And with that allocation in place, discarding and then rewriting zero
does NOT lose the allocation:

$ qemu-io -f qcow2 file3
qemu-io> discard 3m 2m
discard 2097152/2097152 bytes at offset 3145728
2 MiB, 1 ops; 0.0007 sec (2.622 GiB/sec and 1342.2819 ops/sec)
qemu-io> w -z 4m 1m
wrote 1048576/1048576 bytes at offset 4194304
1 MiB, 1 ops; 0.0103 sec (97.003 MiB/sec and 97.0026 ops/sec)
qemu-io> w -z 3m 1m
wrote 1048576/1048576 bytes at offset 3145728
1 MiB, 1 ops; 0.0095 sec (104.319 MiB/sec and 104.3188 ops/sec)
qemu-io> q

eblake@red (0) ~/qemu (nbd|REBASE-i 26/109)
$ qemu-io -f raw file3
qemu-io> r -v 4m 128
00400000:  80 00 00 00 00 60 00 00 80 00 00 00 00 50 00 00  .............P..
00400010:  80 00 00 00 00 70 00 00 80 00 00 00 00 80 00 01  .....p..........
00400020:  80 00 00 00 00 90 00 01 80 00 00 00 00 a0 00 00  ................
00400030:  80 00 00 00 00 b0 00 00 80 00 00 00 00 c0 00 00  ................
00400040:  80 00 00 00 00 d0 00 00 80 00 00 00 00 e0 00 00  ................
00400050:  00 00 00 00 00 00 00 00 00 00 00 00 00 00 00 00  ................
00400060:  00 00 00 00 00 00 00 00 00 00 00 00 00 00 00 00  ................
00400070:  00 00 00 00 00 00 00 00 00 00 00 00 00 00 00 00  ................
read 128/128 bytes at offset 4194304
128 bytes, 1 ops; 0.0001 sec (1.185 MiB/sec and 9708.7379 ops/sec)
qemu-io>

Clusters 3 and 4 are still mapped to host 8 and 9, as they were
originally.  But what happens when we try to write data there:

$ qemu-io -f qcow2 file3
qemu-io> w 4m 1m
wrote 1048576/1048576 bytes at offset 4194304
1 MiB, 1 ops; 0.0402 sec (24.830 MiB/sec and 24.8299 ops/sec)
qemu-io> q
$ qemu-img map -f qcow2 file3
Offset          Length          Mapped to       File
0               0x100000        0x600000        file3
0x100000        0x100000        0x500000        file3
0x200000        0x100000        0x700000        file3
0x400000        0x100000        0xf00000        file3
0x500000        0x400000        0xa00000        file3
0x9ff000        0x1000          0xeff000        file3

Ouch - that cluster write IGNORED the fact that we already had a
reservation at host 8, and instead changed the mapping so that guest 4
now maps to host f, making our refcount table larger, and fragmenting
things.  So much for pre-allocation saving the day :(

So, we need a bug-fix such that allocating a cluster that will be
replacing an allocated-but-zero cluster would reuse the existing
allocation, rather than create a new mapping.

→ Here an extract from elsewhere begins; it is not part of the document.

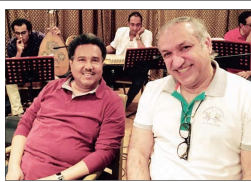
فنان العرب، محمد عبده ورئيس «روتانا» سالم الهندي وابتسامة لعنسة «الأنباء»

تستعد الفنانة السورية أمل عرفة للانطلاق بتصوير أحد أدوار البطولة بمسلسل «الرباوص» للكاتب سعيد حناوي وإخراج إياد نحاس ومن إنتاج شركتي النحاس وزوى أرت. ونشرت تقارير صحافية أن أمل عرفة تؤدي في المسلسل شخصية «هيام» وهي زوجة «نزار» الذي يؤدي دوره عماد شلق، حيث يتهمها زوجها بالخيانة ويجعلها تعيش حياة بائسة إلى أن يوصلها للانتحار بعد ولادة ابنتها «ميادة» التي تؤدي دورها الفنانة كندة حنا، وبعد مرور زمن يكتشف «نزار» أن «هيام» لم تخنّه فتظهر له على شكل شبح متخف يومياً، تطلبه

[Oh, and how will all of this interact with refcounts > 1, when internal
snapshots are in use?  Ugh - I don't know that we want to go there]

But if we can preserve mappings of clusters that are explicitly marked
zero, I started to wonder if it would also be reasonable to have a mode
where we could ALWAYS preserve mappings.  Adding another bit that says
that a cluster has a reserved mapping, but still defers to the backing
file for its current data, would let us extend the existing behavior of
map-preservation on write zeros to work with ALL writes, when writing to
a fully pre-allocated image.

Such a bit is incompatible (existing qemu would not know how to present
correct data to the guest when the bit is set), so if we want it, we
have to burn an incompatible feature bit.  The question is whether this
feature is independently useful enough to do it orthogonally from
subclusters, or whether we want to minimize the exponential explosion of
orthogonal bits by only allowing the feature when subclusters are also
enabled.  And in a way, subclusters already provide this feature: any
time you map a cluster to an address, but have ALL of its subclusters
marked as unallocated (read from backing file), you have preallocated a
mapping that you can later use when writing to that cluster, and that
preallocation is no longer tied to whether the guest uses write-zeros.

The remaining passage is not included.